Kubernetes has different networking “plugins” that you can use to set up your nodes and pods network. One of the common plugins is “kubenet,” which is currently used on mega-clouds like Google Cloud Provider (GCP) and Amazon Web Services. I am going to talk briefly here about the GCP implementation and then show you a practical example later to examine this yourself on Google Container Engine (GKE).
This might be a bit too much to take in from a first glance, but hopefully you will be able to make sense of all that by the end of this blog post. First, we see that we have two Kubernetes nodes here: node 1 and node (m). Each node has an eth0 interface like any Linux machine, and that interface has an IP address to the external world—in our case here on subnet 10.140.0.0/24. The upstream L3 device is acting as our default gateway to route our traffic. This could be a L3 switch in your data center or a VPC router in a public cloud like GCP as we will see later. So far so good?

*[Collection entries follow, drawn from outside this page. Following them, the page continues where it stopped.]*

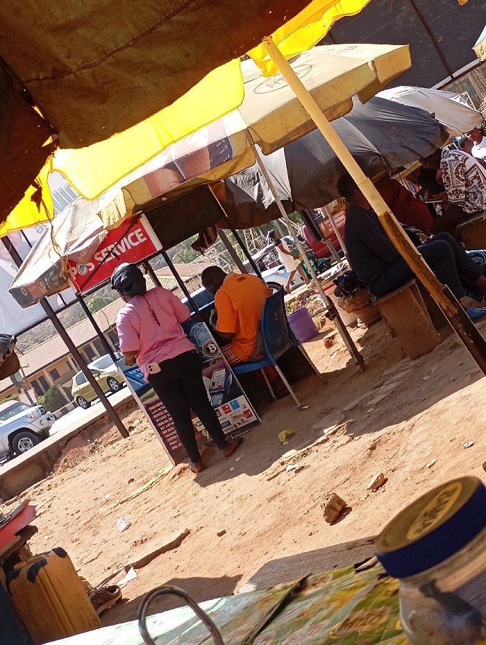 The image captures an outdoor commercial area in Jos, Nigeria, characterized by bright daylight and strong shadows
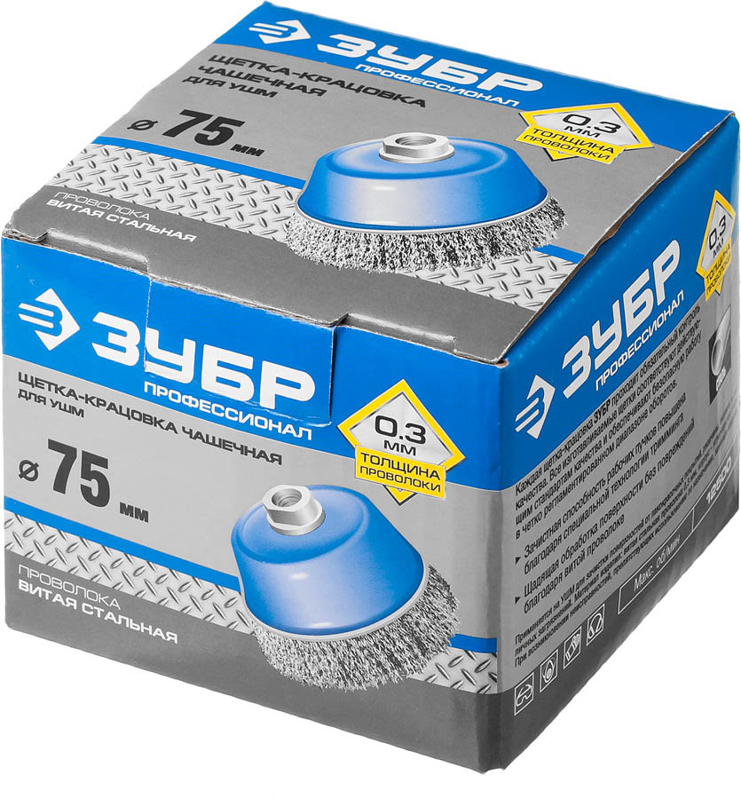 ЗУБР "ПРОФЕССИОНАЛ". Щетка чашечная для УШМ, витая стальная проволока 0,3мм, 75ммхМ14
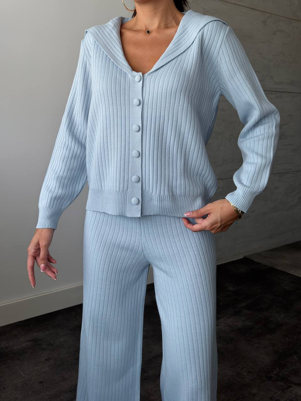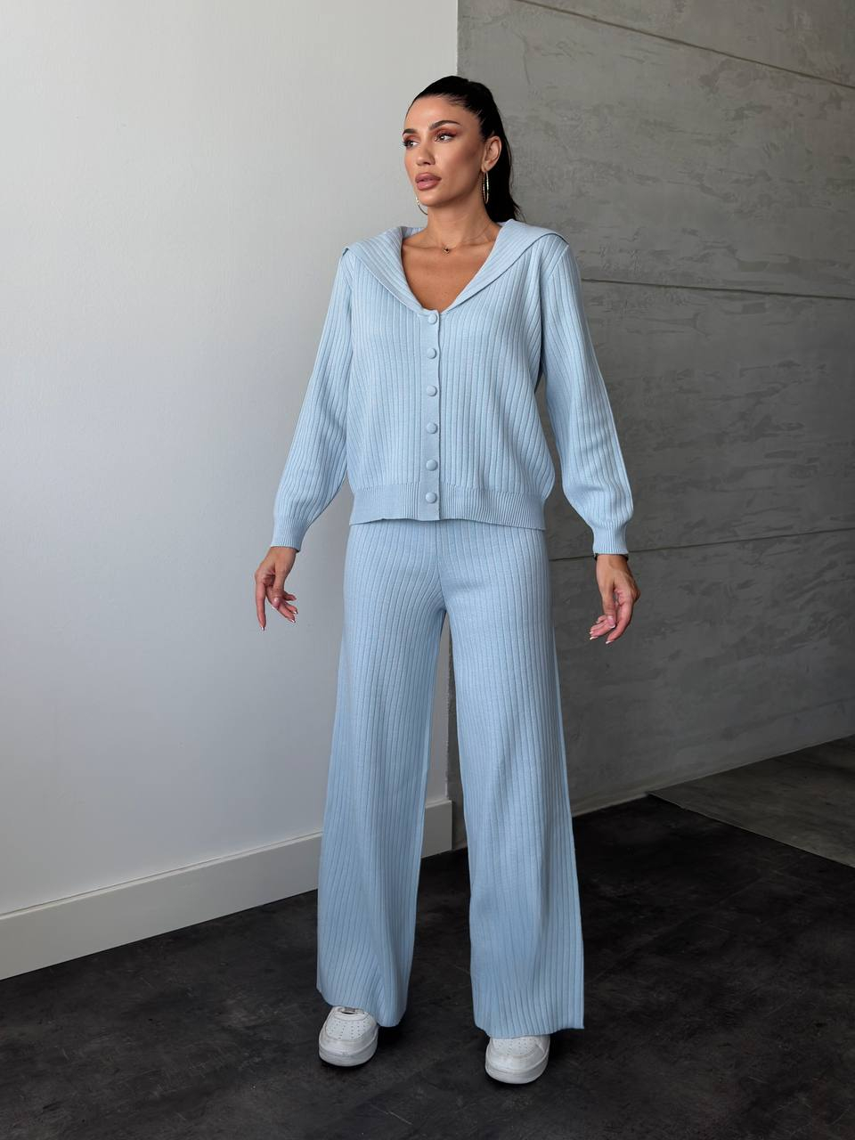 Nuantele armonioase ofera un look casual chic cu influente feminine acestui compleu modern.

Next, we see inside the node that we have a cbr0 bridge interface. That interface has the default gateway of an IP subnet—10.40.1.0/24 in case of node 1. This subnet gets assigned by Kubernetes to each node. The latter usually get a /24 subnet, but you can control that in case of NSX-T as we will see in future posts. For now, this subnet is the one that we will allocate the pod’s IP addresses from. Any pod inside node 1 will get an IP address from this subnet rage—in our case here, Pod 1 has an IP address of 10.40.1.10. Notice however that this pod has two nested containers within. Remember, a pod can run one or more containers that are tightly coupled together in terms of functionality. This is what we see here. Container 1 is listening to port 80, while container 2 is listening to port 90. Both containers share the same IP address of 10.40.1.10. but they do not own that networking namespace. Alright, so who owns this networking stack then? It’s actually a special container that we call the “Pause Container.” You see it in the diagram as the interface of that pod to the outer world. It owns this networking stack, including the IP address 10.40.1.10 and, of course, it forwards the traffic to container 1 using port 80 and traffic to container 2 using port 90.
Now you should be asking, how is traffic forwarded to the external world? You see that we have a standard Linux IP forwarding enabled here to forward the traffic from cbr0 to eth0. This is great, but then how does the L3 device know how to forward this to the destination? We do not have dynamic routing here to advertise this network in this particular example. And so, this is why we need to have some kind of “static route” on that L3 device to know that in order to reach subnet 10.40.1.0/24, your entry point is the external IP of node 1 (10.140.0.11), and in order to reach subnet 10.40.2.0/24, your next hope is node (m) with the IP address 10.140.0.12.
This is great, but you must be thinking that it’s a very unpractical way to manage your networks. This would be an absolute nightmare for network administrators to maintain all those routes as you scale with your cluster. And you’re right—this is why we need some kind of solution like the CNI (container network plugin) in Kuberentes to use a networking mechanism to manage this for you. NSX-T is one of those solutions with a powerful design for both the networking and security stacks.
Remember, we are examining here the kubenet plugin, not CNI. The former is what GKE uses, and the way they do this is quite fascinating as it’s completely programmable and automated on their cloud. Those subnet allocations and associated routes are taken care of by GCP for you, as we will see in the next part.